Autor del comentario
Juan P Calisaya Medrano
Médico Especialista en Emergentología y Cuidados Críticos, La Paz, Bolivia
Aún no se ha definido bien cuáles serán los grupos de respuesta inmediata, aunque el planteamiento es perfecto, porque en otros hospitales de alta complejidad el servicio de Anestesiología y quirófano se hace cargo de la llamada de auxilio de los pisos o pabellones para la asistencia intrahospitalaria.
En cuanto a las asistencias extra hospitalarias, como recomienda la ILCOR, el testigo debe estar preparado para realizar el auxilio inmediato, una vez realizados los 5 ciclos de asistencia 30:2 o 15:2 debe hacer el llamado de auxilio o de forma simultánea.
Sobre el uso de Atropina si bien tenemos como recomendación considerar a un Lactante en Bradicardia que estaría cursando un PCR tendremos que optar por el uso de este análogo Parasimpático para prevenir el PCR
inminente. Los coloides y cristaloides aún no han sido bien considerados en el proceso de reanimación, salvo que tuviéramos preparado a un paciente para ECMO, que sería lo más ideal.

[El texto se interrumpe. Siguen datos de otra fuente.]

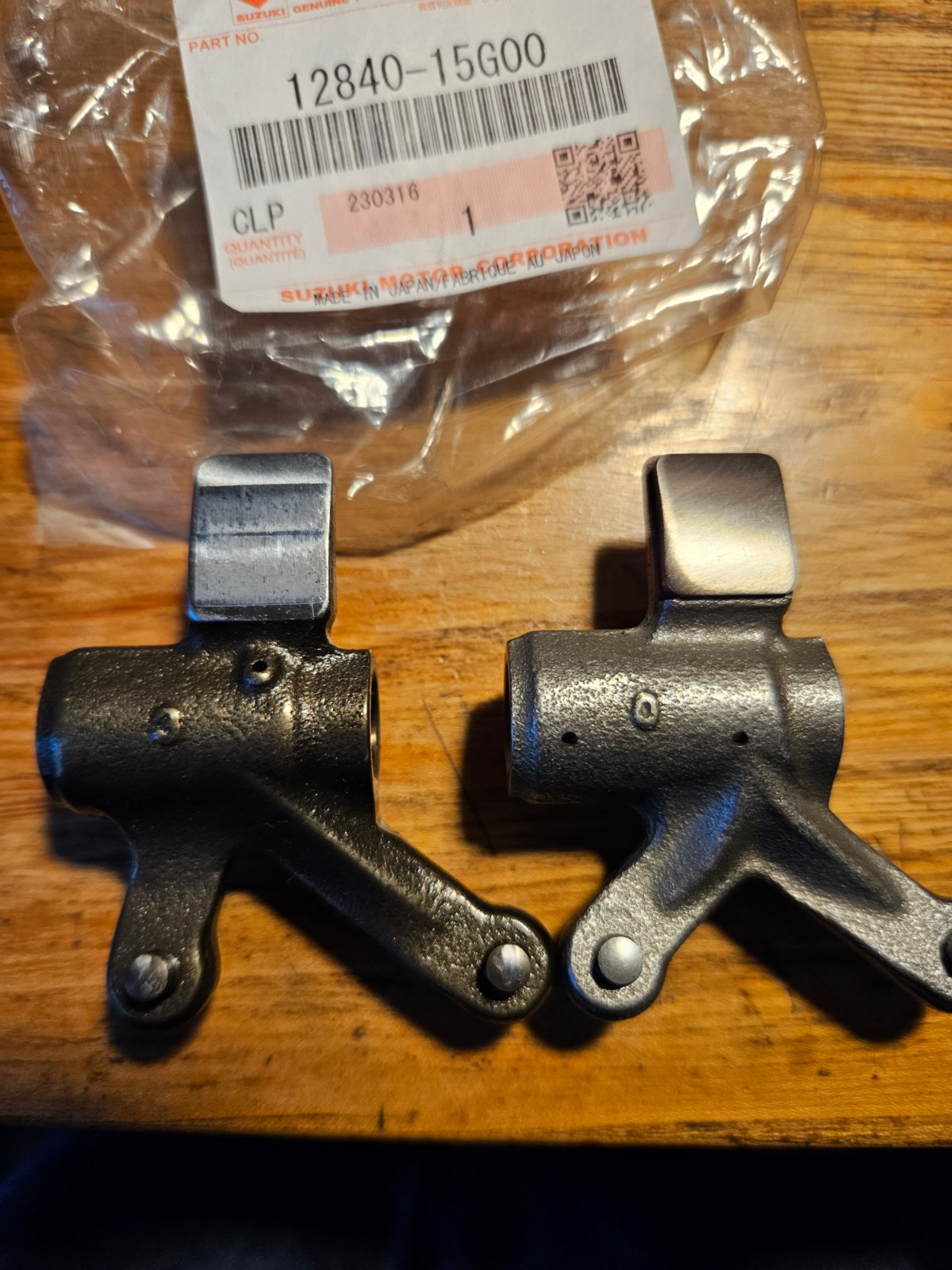 Mal ne Frage ich habe ja zwei neue Kipphebel bei Suzuki gekauft, der Einlass sieht irgentwie etwas anders aus, als ob da was aufgeklebt ist

Otro aspecto que considero es que, junto a las recomendaciones de la ILCOR, podemos trabajar en mantener en Pediatría la secuencia A-B-C, ya que tenemos un alto porcentaje de decesos por las insuficiencias respiratorias en estos pacientes.
Las dosis de descarga en el DEA pediátrico aún son bien toleradas a 4 J/Kg peso y mantenerlas a ese patrón (como límite 3 en el proceso de RCP).
Todavía no se ha concertado correctamente el uso de los CAPNOMETROS, una gran idea es si el CO2 espirado puede ser medible, entonces, esto debemos usarlo en pacientes que ya recuperaron el estado post reanimación.
La educación a nivel Extra hospitalario e Intrahospitalario en todos los países y por ley es fundamental para aplicar los protocolos de RCP, especialmente, en el grupo de riesgo como son los pacientes Pediátricos.